(Dataset excerpts)
——
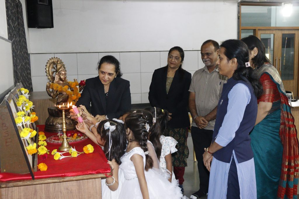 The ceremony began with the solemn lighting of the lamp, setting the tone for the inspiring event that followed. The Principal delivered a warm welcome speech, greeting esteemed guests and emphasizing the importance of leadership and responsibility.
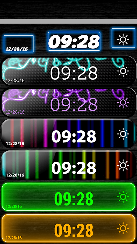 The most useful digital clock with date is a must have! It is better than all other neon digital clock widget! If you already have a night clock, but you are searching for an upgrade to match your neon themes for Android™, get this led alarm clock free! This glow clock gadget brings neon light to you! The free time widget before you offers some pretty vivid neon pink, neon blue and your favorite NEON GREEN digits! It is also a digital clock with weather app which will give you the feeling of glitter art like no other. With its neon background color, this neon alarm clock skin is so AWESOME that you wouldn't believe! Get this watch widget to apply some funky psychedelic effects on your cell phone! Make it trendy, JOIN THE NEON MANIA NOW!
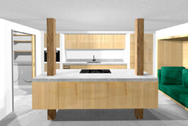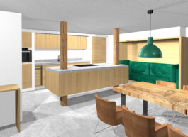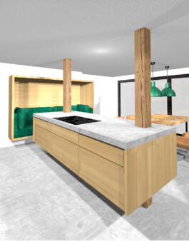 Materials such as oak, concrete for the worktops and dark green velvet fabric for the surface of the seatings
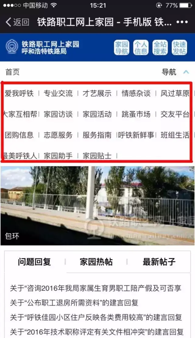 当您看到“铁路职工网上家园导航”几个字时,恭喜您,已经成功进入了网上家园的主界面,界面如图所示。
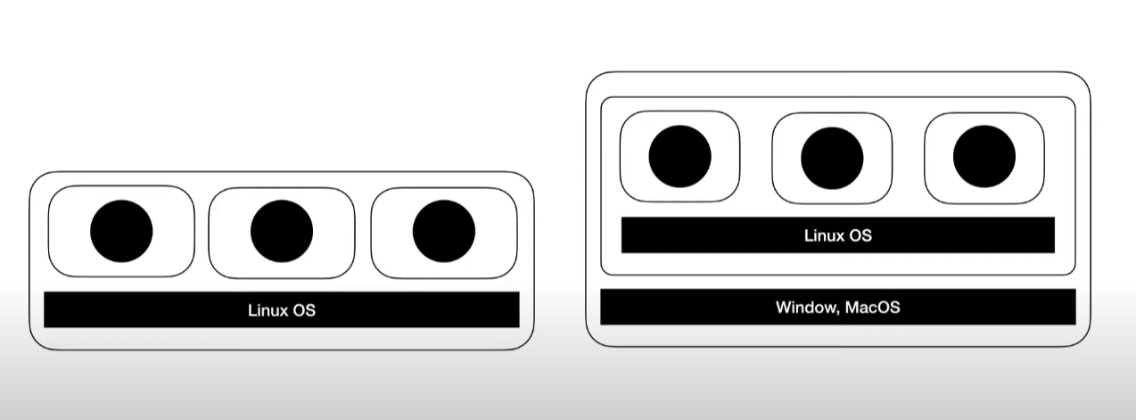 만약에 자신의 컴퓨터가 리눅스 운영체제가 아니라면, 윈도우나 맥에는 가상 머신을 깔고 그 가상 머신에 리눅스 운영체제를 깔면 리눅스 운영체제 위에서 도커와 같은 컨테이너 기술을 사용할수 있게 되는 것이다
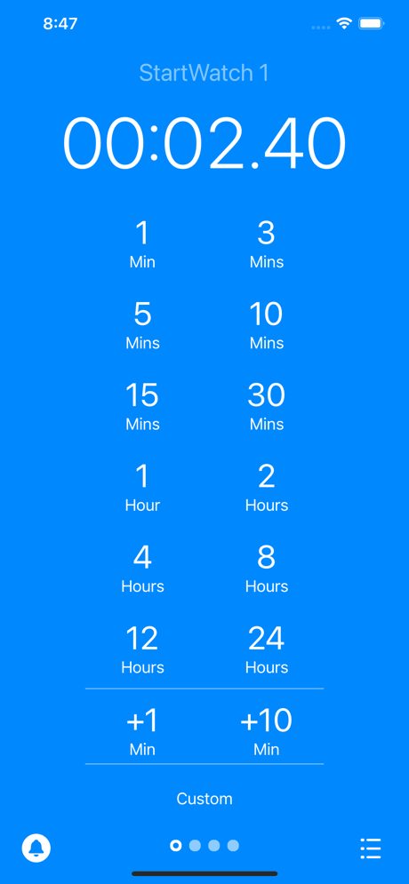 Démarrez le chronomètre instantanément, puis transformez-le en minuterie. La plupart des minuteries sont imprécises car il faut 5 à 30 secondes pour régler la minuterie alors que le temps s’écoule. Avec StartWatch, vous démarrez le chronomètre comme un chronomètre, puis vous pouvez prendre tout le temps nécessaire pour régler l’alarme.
——
**WHAT IS BEING ASKED**.
Please repeat exactly the lines from the one containing "The most useful" through the last line of the records, both included, and leave out the pictures.

**REPLY**.
 The most useful digital clock with date is a must have! It is better than all other neon digital clock widget! If you already have a night clock, but you are searching for an upgrade to match your neon themes for Android™, get this led alarm clock free! This glow clock gadget brings neon light to you! The free time widget before you offers some pretty vivid neon pink, neon blue and your favorite NEON GREEN digits! It is also a digital clock with weather app which will give you the feeling of glitter art like no other. With its neon background color, this neon alarm clock skin is so AWESOME that you wouldn't believe! Get this watch widget to apply some funky psychedelic effects on your cell phone! Make it trendy, JOIN THE NEON MANIA NOW!
 Materials such as oak, concrete for the worktops and dark green velvet fabric for the surface of the seatings
 当您看到“铁路职工网上家园导航”几个字时,恭喜您,已经成功进入了网上家园的主界面,界面如图所示。
 만약에 자신의 컴퓨터가 리눅스 운영체제가 아니라면, 윈도우나 맥에는 가상 머신을 깔고 그 가상 머신에 리눅스 운영체제를 깔면 리눅스 운영체제 위에서 도커와 같은 컨테이너 기술을 사용할수 있게 되는 것이다
 Démarrez le chronomètre instantanément, puis transformez-le en minuterie. La plupart des minuteries sont imprécises car il faut 5 à 30 secondes pour régler la minuterie alors que le temps s’écoule. Avec StartWatch, vous démarrez le chronomètre comme un chronomètre, puis vous pouvez prendre tout le temps nécessaire pour régler l’alarme.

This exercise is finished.